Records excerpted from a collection

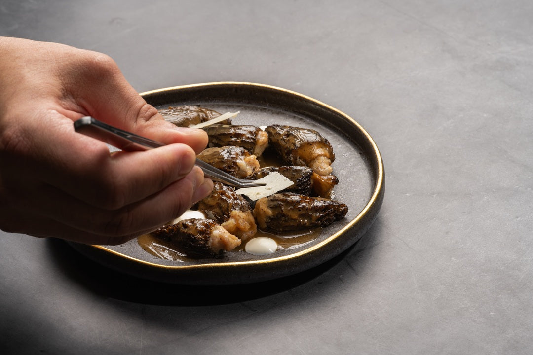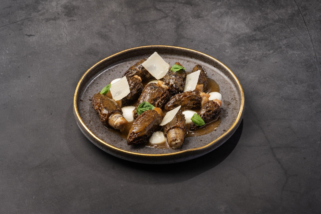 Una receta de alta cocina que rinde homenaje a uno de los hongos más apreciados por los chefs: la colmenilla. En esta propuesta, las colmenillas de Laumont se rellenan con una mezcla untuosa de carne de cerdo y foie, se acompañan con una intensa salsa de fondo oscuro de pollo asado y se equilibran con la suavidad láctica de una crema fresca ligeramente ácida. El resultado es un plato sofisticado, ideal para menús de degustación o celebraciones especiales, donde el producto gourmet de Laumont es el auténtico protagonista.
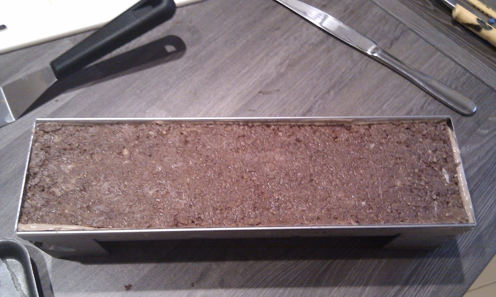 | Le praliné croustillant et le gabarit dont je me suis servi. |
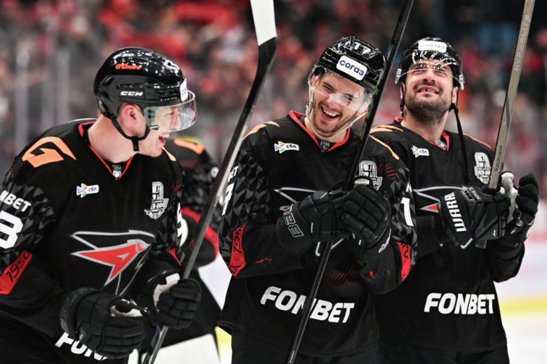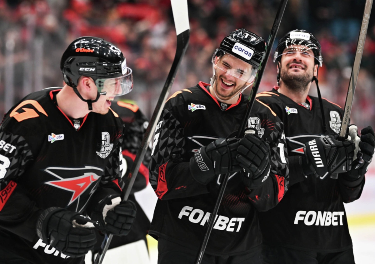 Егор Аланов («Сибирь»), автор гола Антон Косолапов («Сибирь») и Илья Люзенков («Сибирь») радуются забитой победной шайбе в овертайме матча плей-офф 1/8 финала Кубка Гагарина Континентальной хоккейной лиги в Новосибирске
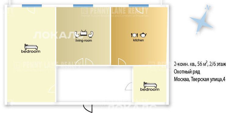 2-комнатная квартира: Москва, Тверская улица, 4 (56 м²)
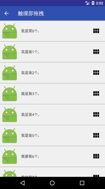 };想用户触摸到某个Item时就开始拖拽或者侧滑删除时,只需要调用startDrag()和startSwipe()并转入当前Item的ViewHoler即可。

TASK OBJECTIVE →
Please copy exactly the lines from the one containing "лиги в Новосибирске" through the last line of the records above, both included, and leave out any pictures.

SOLUTION TO THE EXERCISE →
 Егор Аланов («Сибирь»), автор гола Антон Косолапов («Сибирь») и Илья Люзенков («Сибирь») радуются забитой победной шайбе в овертайме матча плей-офф 1/8 финала Кубка Гагарина Континентальной хоккейной лиги в Новосибирске
 2-комнатная квартира: Москва, Тверская улица, 4 (56 м²)
 };想用户触摸到某个Item时就开始拖拽或者侧滑删除时,只需要调用startDrag()和startSwipe()并转入当前Item的ViewHoler即可。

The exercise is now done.